§ What this task involves
Please, without the pictures, retype exactly the lines from the start of the material through the line that holds "Du 19 au 21".
-- Opening Marker --
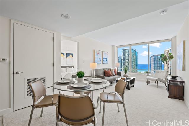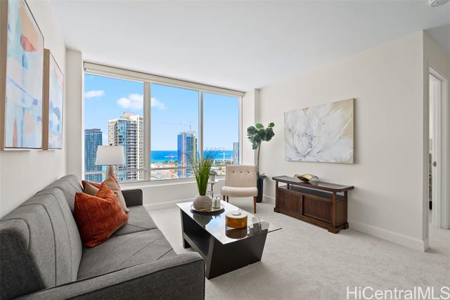 - Situated in the heart of Kaka’ako, come see this beautifully updated 2 bdrm/2 bath/2 cov’d parking unit in Pacifica Honolulu. With over 900 sq. ft. of interior living space, features include fresh int. paint, new carpet and a spacious open floor plan designed for comfortable living and entertaining. The modern kitchen boasts stainless steel appliances that opens up to the living room with expansive windows that offer maximum natural light and breathtaking ocean and city views. Enjoy resort-like amenities such as a pool & spa, movie theaters, BBQ areas, firepits, recreation area, and more! Located just minutes from Ala Moana Beach Park, Ward Village, and Ala Moana Shopping Center with world-class shopping and entertainment!
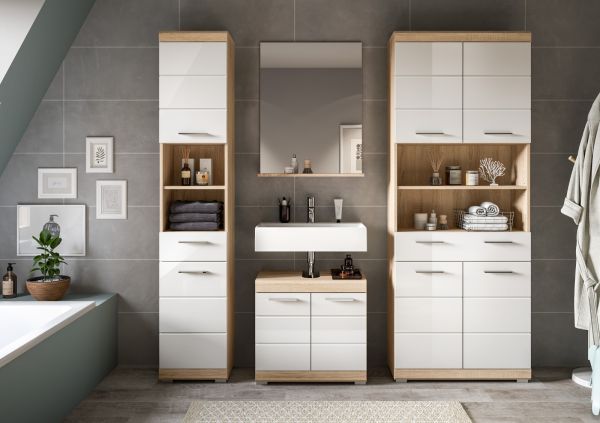 Badmöbel Set 4-teilig "Mambo" in weiß Hochglanz und Sonoma Eiche Badkombination 186 x 191 cm
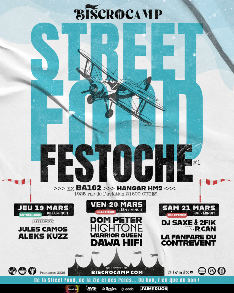 Du 19 au 21 mars 2026, l’ancienne base aérienne 102 Dijon-Longvic va vibrer au rythme des cuisines du monde, des DJ sets enflammés et des performances artistiques. Le BISCROCAMP – Comptoirs Nomades lance la première édition du Street Food Festoche, un événement d’envergure régionale qui ambitionne de devenir le rendez-vous incontournable du printemps en Bourgogne-Franche-Comté.
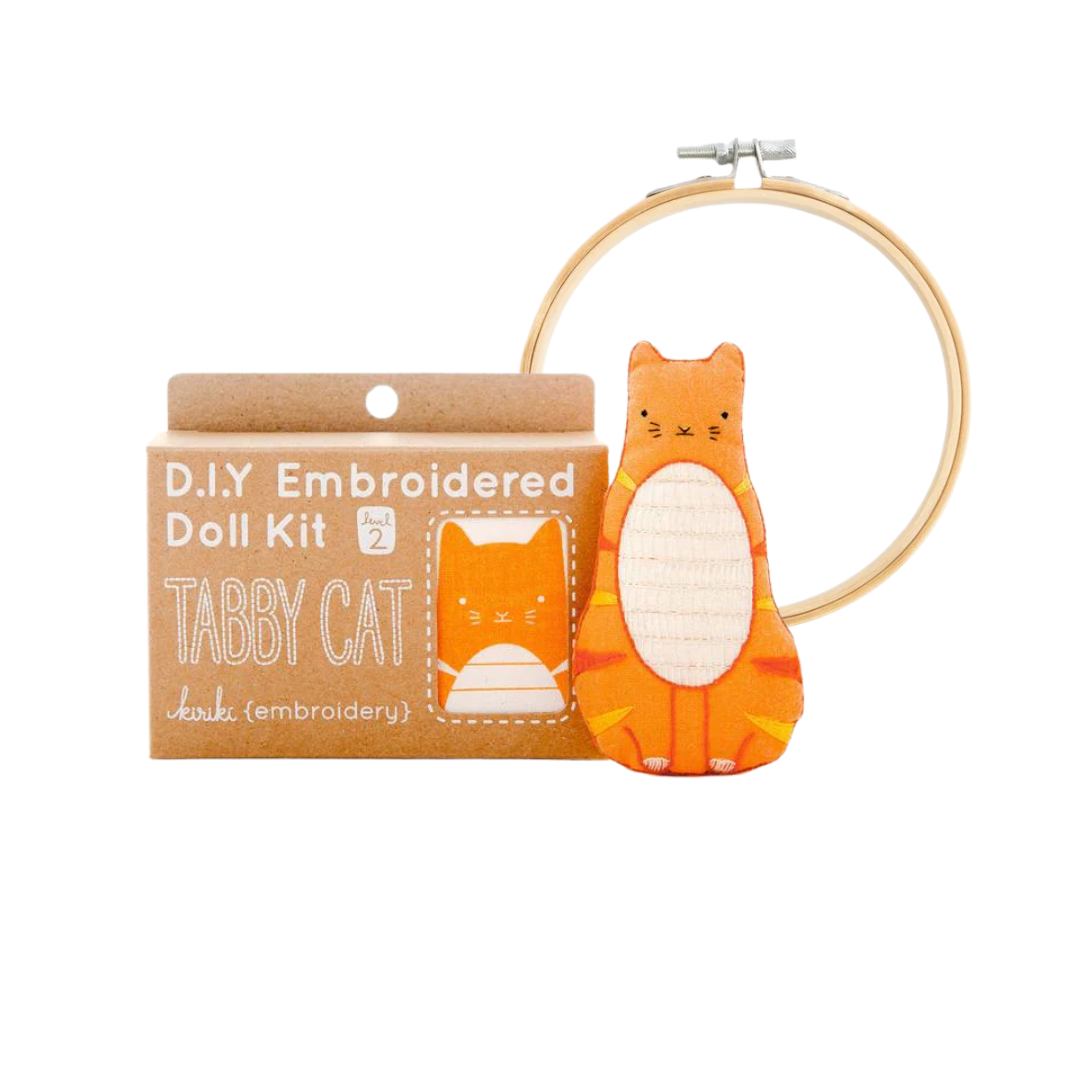 Tabby Cat is a Level 2 pattern, using basic and intermediate stitches. All Kiriki patterns are screen printed by hand with vibrant, water-based inks right onto the fabric so no tracing or transferring is ever required!
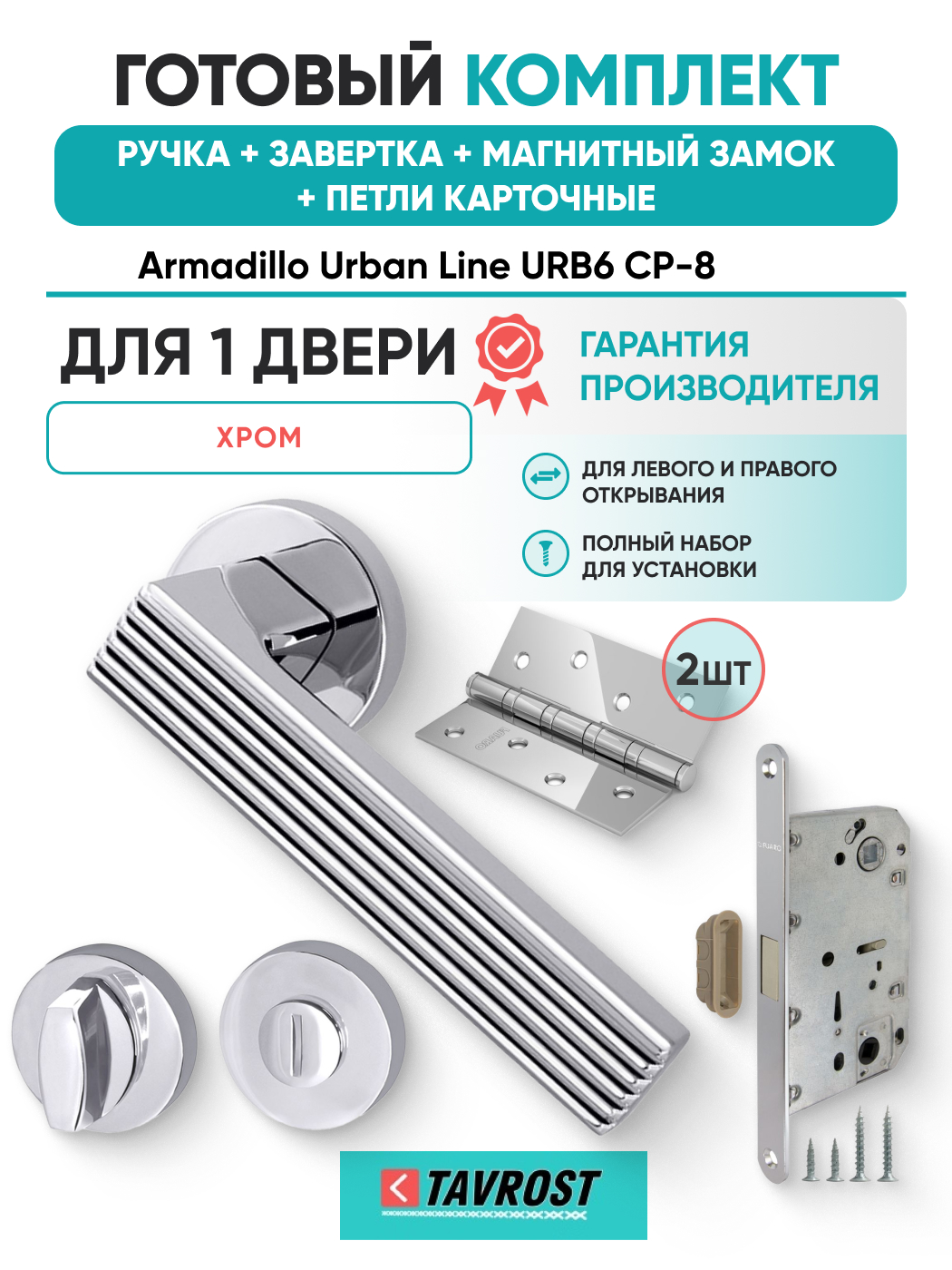 Комплект: Ручки Armadillo Urban Line URB6 CP-8+Завертка+Магнитный замок и Петли Fuaro/хром
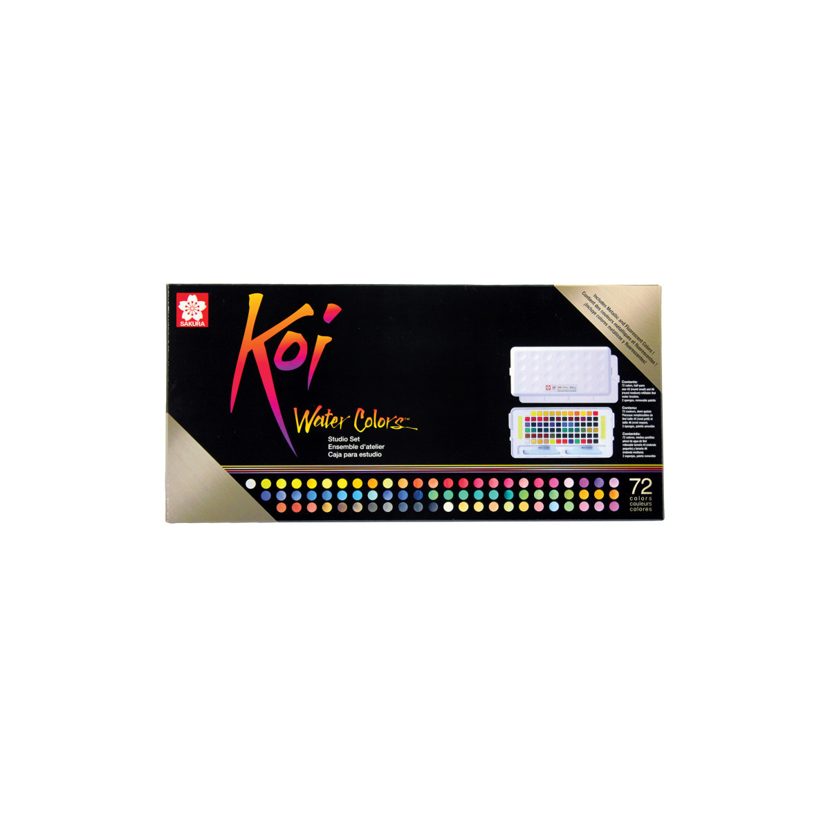 Koi Water Colors are fun and vivid watercolor paints to illustrate, decorate and create art with! This compact kit contains 72 vibrant watercolors and includes a mixing palette in the lid of the box, a sponge and a Koi Water Brush (brush with water tank). Koi's rich color assortment offers the choice to create bold hues or soft and subtle shades. Keep this small set close by in your studio for a quick splash of color and to create deep washes for backgrounds. Or bring it along to create portraits and plein-air landscapes in the outdoors. This pocket-sized box is also great for adding color to comics, illustrations, and lettering projects.
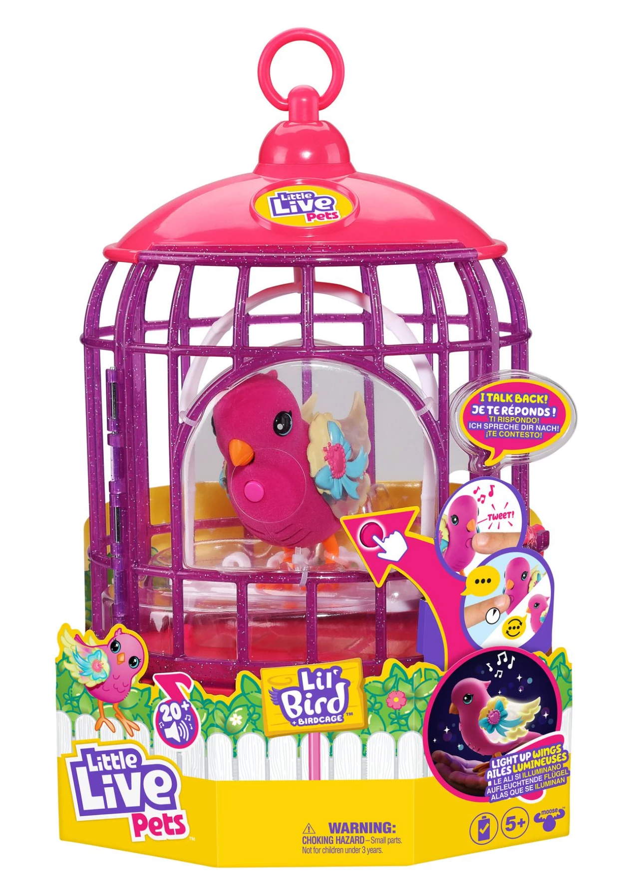 Push the Lil’ Bird’s talk button on its chest and say your message. Your Lil’ Bird will repeat what you say! These vibrant birds will brighten your day with over 20 bird songs to sing! This season your Lil’ Bird has magical light up wings! This Lil’ Bird lives in her own cute Bird Cage! The Bird Cage can sit on its stand or hang from its hook. Each Lil’ Bird has decorations and features on their wings and faces that relate to various themes. Collect them all to form your own fabulous flock!
-- Closing Marker --
§ Result of this exercise
 - Situated in the heart of Kaka’ako, come see this beautifully updated 2 bdrm/2 bath/2 cov’d parking unit in Pacifica Honolulu. With over 900 sq. ft. of interior living space, features include fresh int. paint, new carpet and a spacious open floor plan designed for comfortable living and entertaining. The modern kitchen boasts stainless steel appliances that opens up to the living room with expansive windows that offer maximum natural light and breathtaking ocean and city views. Enjoy resort-like amenities such as a pool & spa, movie theaters, BBQ areas, firepits, recreation area, and more! Located just minutes from Ala Moana Beach Park, Ward Village, and Ala Moana Shopping Center with world-class shopping and entertainment!
 Badmöbel Set 4-teilig "Mambo" in weiß Hochglanz und Sonoma Eiche Badkombination 186 x 191 cm
 Du 19 au 21 mars 2026, l’ancienne base aérienne 102 Dijon-Longvic va vibrer au rythme des cuisines du monde, des DJ sets enflammés et des performances artistiques. Le BISCROCAMP – Comptoirs Nomades lance la première édition du Street Food Festoche, un événement d’envergure régionale qui ambitionne de devenir le rendez-vous incontournable du printemps en Bourgogne-Franche-Comté.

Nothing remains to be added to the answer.